Imagine a future where your computer's tasks are handled seamlessly, almost autonomously, without you needing to lift a finger—this is exactly the promise that Simular’s AI technology is striving to deliver. But here’s where it gets controversial: Can AI truly take over complex tasks on your Mac or Windows PC in a way that’s both reliable and trustworthy? And this is the part most people miss—there are significant technical hurdles to overcome before this vision becomes a reality.
Simular, a promising startup, specializes in creating AI agents capable of controlling entire computers—something that sets it apart from many others that mainly focus on browser automation. Unlike typical AI systems that only handle web activities, Simular aims at managing the entire operating system. Their AI agent can mimic human actions like moving the mouse, clicking, copying, or pasting data—tasks that are often repetitive but necessary, such as populating spreadsheets with data.
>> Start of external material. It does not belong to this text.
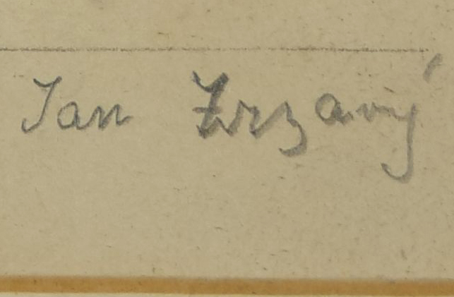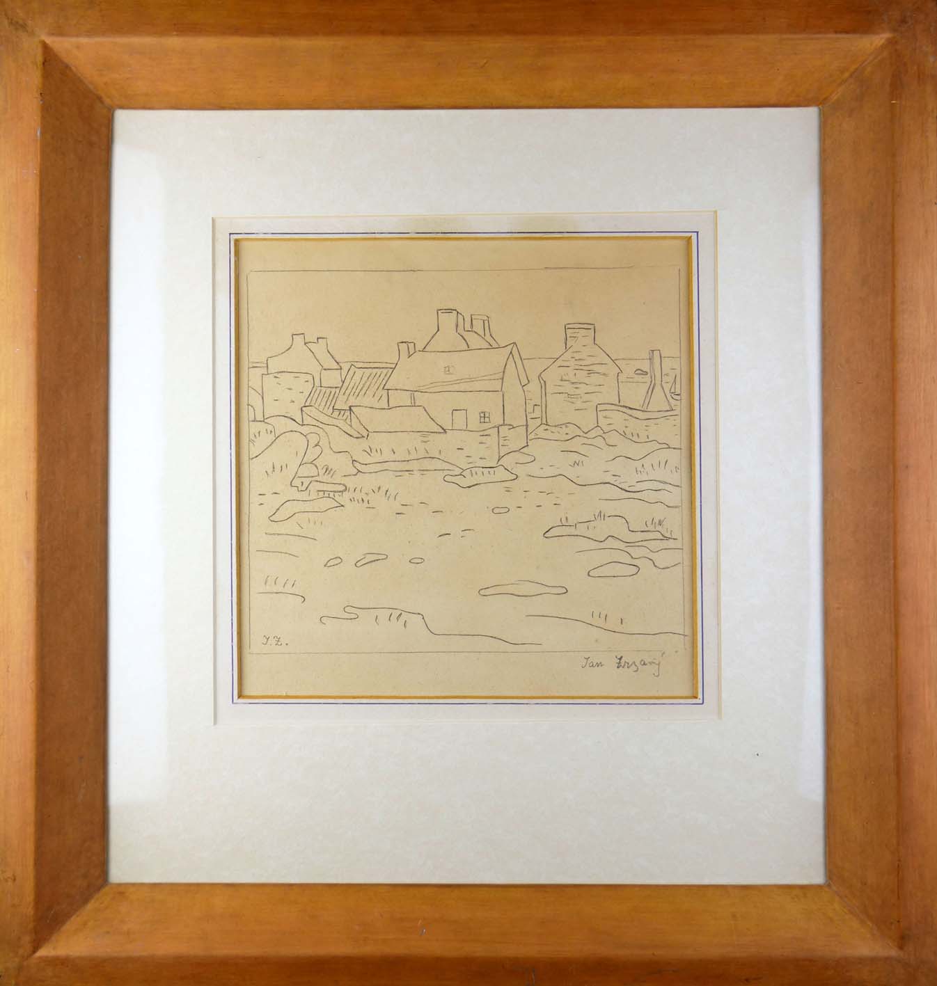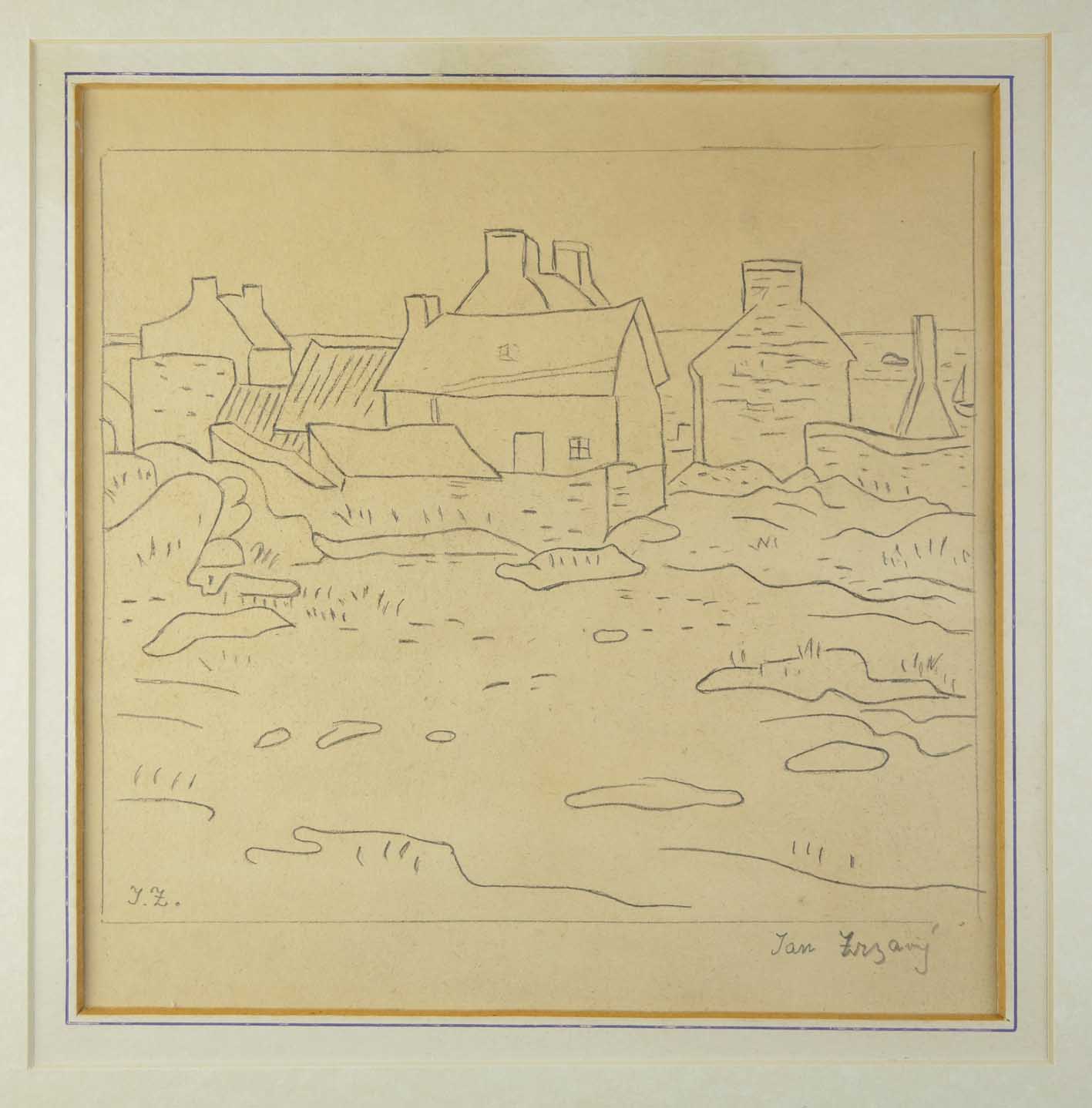 kresba tužkou na papíru, domky na pobřeží francouzského (bretaňského) ostrova Île de Sein, signováno, kresba vznikla v polovině 60. let 20. století; masivní jednoduchý dřevěný rám, lepenková pasparta, zaskleno, rozměr (ve výřezu pasparty) 19 x 19 cm, vnější rozměr s rámem 40 x 38 cm; znalecký posudek; Jan Zrzavý (1890-1977), významná postava českého výtvarného umění, avantgardní osobitý výtvarník, národní umělec

Recently, Simular announced the official launch of its version 1.0 for Mac OS. The company is also collaborating with Microsoft to develop a similar AI agent for Windows, making it one of only five companies selected to join the Windows 365 for Agents program announced by Microsoft in mid-November. The other participants include Manus AI, Fellou, Genspark, and TinyFish. As for when the Windows version will be available, co-founder and CEO Ang Li indicated that they aim for it to be just as impactful and popular as the Mac version, though specifics remain somewhat vague.
What makes Simular particularly noteworthy is the impressive background of its founders. Ang Li, a scientist focused on lifelong learning, previously worked at Google’s DeepMind—a hub for cutting-edge AI research—where he met Jiachen Yang, their co-founder and reinforcement learning expert. They have a history of publishing influential papers, primarily aimed at advancing applications like Google’s self-driving car project, Waymo, rather than purely academic pursuits. This experience in practical, real-world AI solutions gives them a solid foundation for tackling the complex challenges ahead.
One major obstacle in advancing autonomous AI agents is the phenomenon called "hallucination"—where AI models generate inaccurate or misleading information. Large Language Models (LLMs), which underpin many AI systems, are known to hallucinate some of the time. For tasks involving thousands or even millions of individual steps, this becomes a critical issue, since an error at any point can invalidate the entire process. Statistically, the likelihood of hallucination errors increases as the number of steps involved grows.
A proposed solution—creating a deterministic version of the LLM—would ensure the AI’s responses or actions are the same every time, making behaviors predictable and reliable. However, this approach can limit the creative problem-solving capabilities of the AI, which is a core feature of agentic systems.
Simular is trying a hybrid approach. Its AI allows some flexibility in exploring different methods to complete a task, with human oversight to guide responses and correct mistakes during the process. Once a successful workflow is identified, the human user can lock it in—transforming that process into a deterministic script that can reliably be repeated. As Ang Li explains, "Our solution is to let agents keep exploring the successful trajectory, and once a reliable one is found, it becomes deterministic code."
This innovative process involves a technology that Li calls "neuro-symbolic computer use agents," which is different from the purely LLM-based systems used by many competitors. Instead of simply relying on language models to generate responses, their system has the AI write code that becomes deterministic—ensuring consistent outcomes for repeated tasks. With this, the user gains full transparency and control, as they can inspect, audit, and understand the code behind their automation workflows.
While still in early stages, early beta users of Simular include a car dealership automating VIN searches and homeowners’ associations extracting contract data from PDFs. Their open-source project, although currently available only for Mac OS, has already enabled automations across various domains such as content creation, marketing, and sales.
Having previously raised a $5 million seed round, bringing their total funding to roughly $27 million, Simular continues to attract notable investors including Basis Set Ventures, Flying Fish Partners, Samsung NEXT, Xoogler Ventures, and angel investor Lenny Rachitsky.
So, will innovative technological solutions like Simular’s become the standard for workplace automation? Are we heading toward a future where AI can reliably perform complex routines without constant human oversight? Share your thoughts—do you believe this is the breakthrough that will democratize AI-powered PC control, or are there hurdles that still need addressing before this vision can unfold fully? Let’s start the conversation.